/---

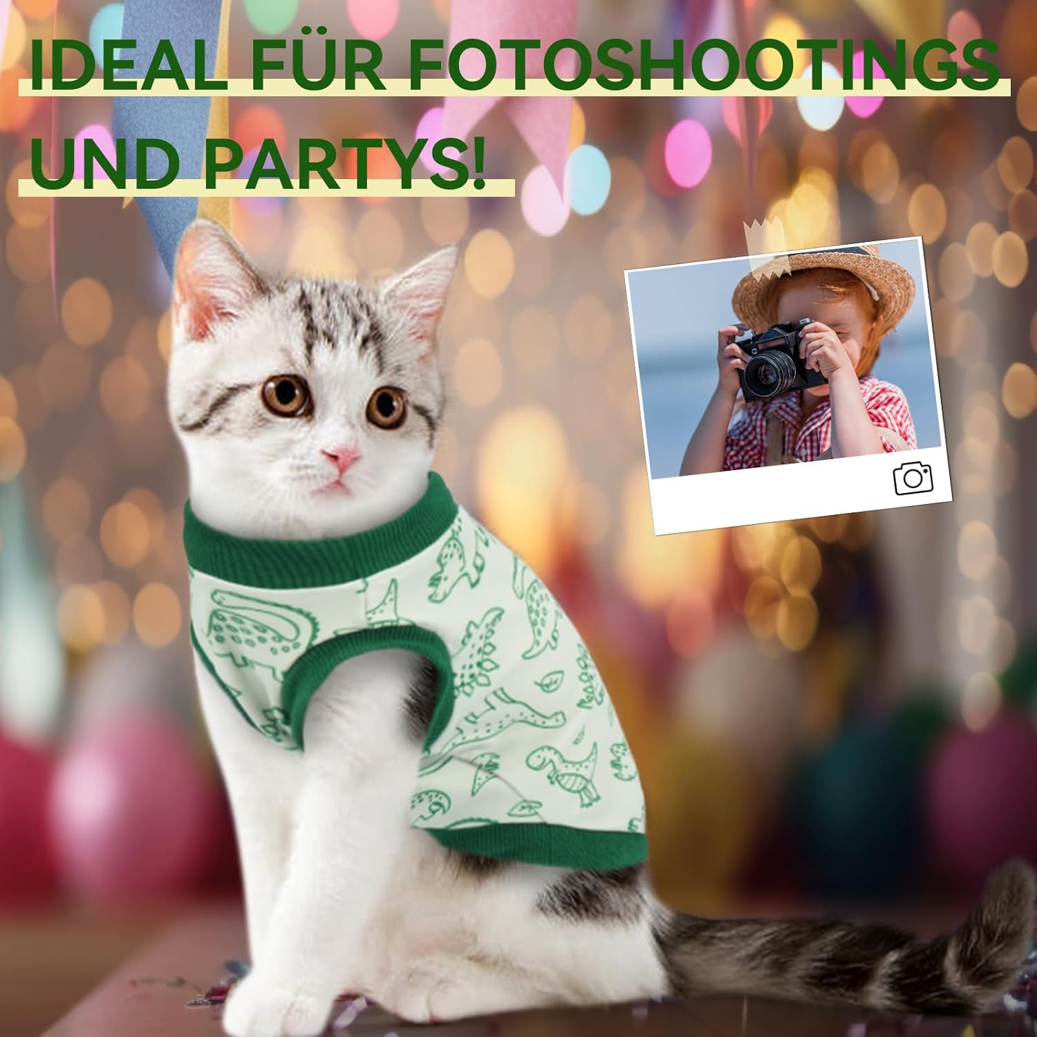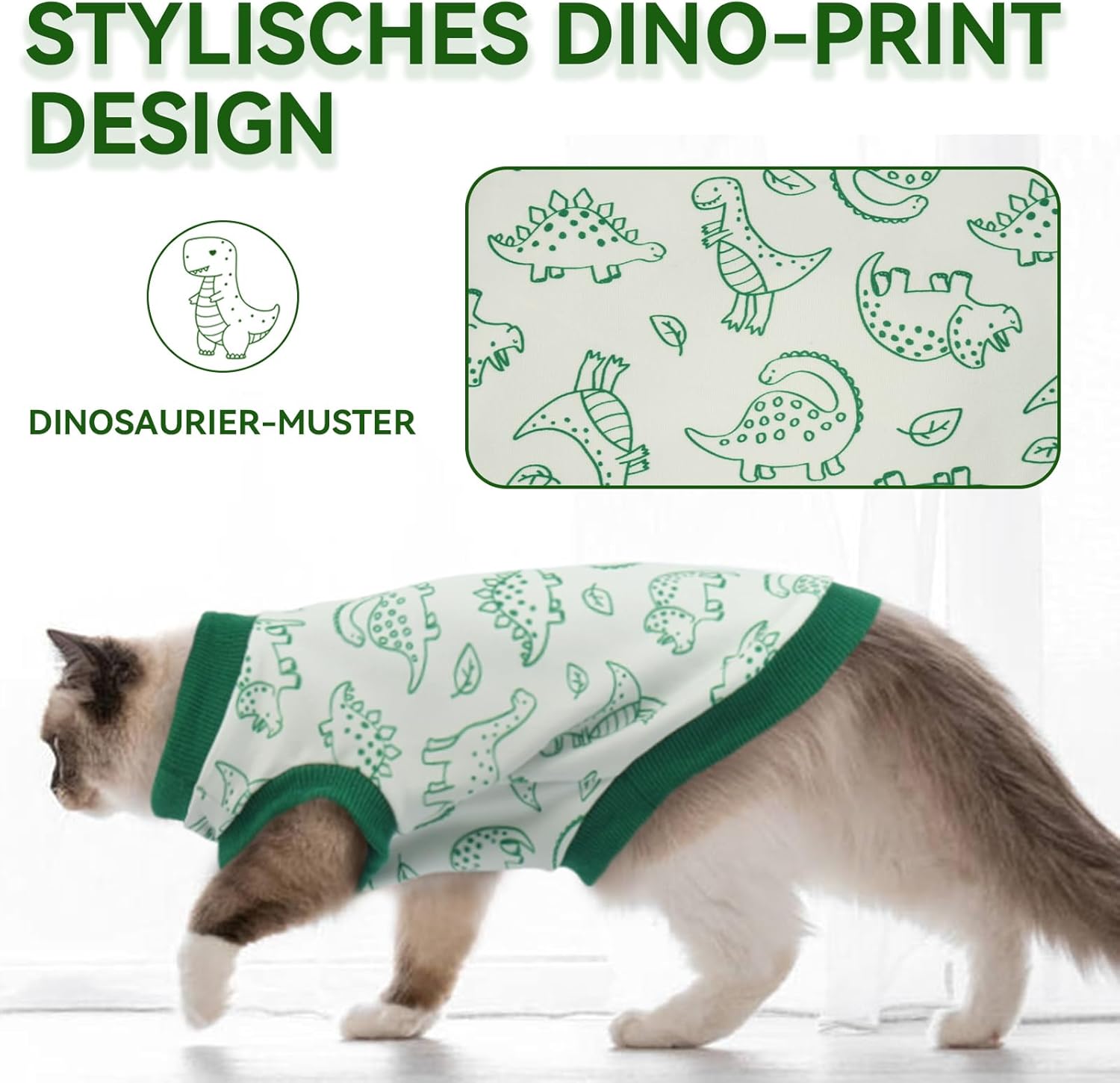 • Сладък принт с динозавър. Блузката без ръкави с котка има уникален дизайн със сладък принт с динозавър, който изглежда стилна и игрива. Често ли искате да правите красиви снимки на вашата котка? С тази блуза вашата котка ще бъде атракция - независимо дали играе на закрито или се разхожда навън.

\---
/---

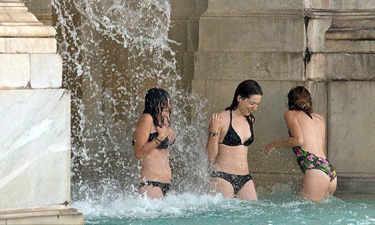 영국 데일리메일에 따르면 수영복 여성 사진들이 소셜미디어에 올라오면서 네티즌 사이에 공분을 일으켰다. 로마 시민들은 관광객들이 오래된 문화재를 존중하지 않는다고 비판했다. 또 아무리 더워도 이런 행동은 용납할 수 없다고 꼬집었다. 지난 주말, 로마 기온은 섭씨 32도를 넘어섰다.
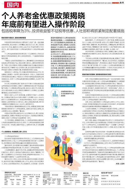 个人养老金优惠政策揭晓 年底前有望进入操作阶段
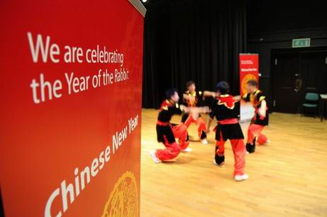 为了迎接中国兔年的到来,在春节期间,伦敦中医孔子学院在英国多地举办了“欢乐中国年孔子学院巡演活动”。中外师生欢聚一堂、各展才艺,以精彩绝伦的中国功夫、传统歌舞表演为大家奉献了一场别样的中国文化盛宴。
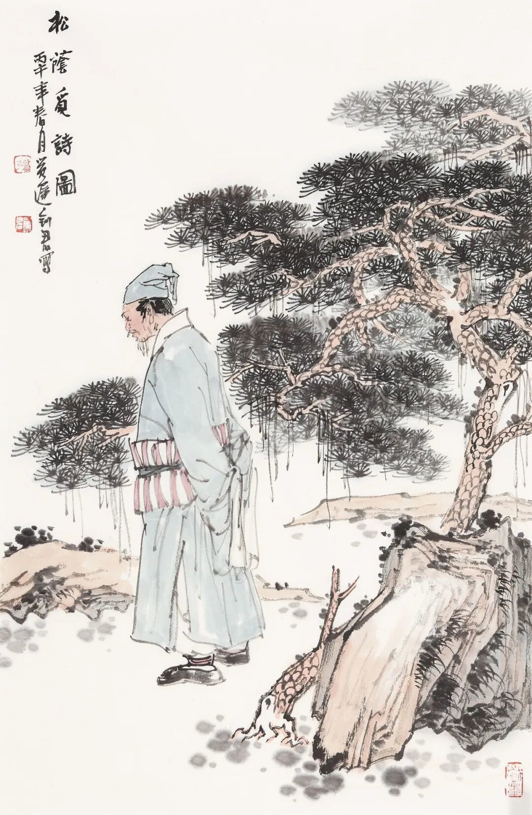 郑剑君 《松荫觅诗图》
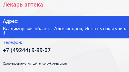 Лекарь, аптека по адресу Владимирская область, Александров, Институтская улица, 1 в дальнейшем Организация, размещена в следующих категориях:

\---

The task: Only one part of the material above is wanted: the lines from the one with "영국 데일리메일에 따르면" up to and including the one with "郑剑君 《松荫觅诗图》". Please copy them exactly, pictures left out.

Solution to the problem:
 영국 데일리메일에 따르면 수영복 여성 사진들이 소셜미디어에 올라오면서 네티즌 사이에 공분을 일으켰다. 로마 시민들은 관광객들이 오래된 문화재를 존중하지 않는다고 비판했다. 또 아무리 더워도 이런 행동은 용납할 수 없다고 꼬집었다. 지난 주말, 로마 기온은 섭씨 32도를 넘어섰다.
 个人养老金优惠政策揭晓 年底前有望进入操作阶段
 为了迎接中国兔年的到来,在春节期间,伦敦中医孔子学院在英国多地举办了“欢乐中国年孔子学院巡演活动”。中外师生欢聚一堂、各展才艺,以精彩绝伦的中国功夫、传统歌舞表演为大家奉献了一场别样的中国文化盛宴。
 郑剑君 《松荫觅诗图》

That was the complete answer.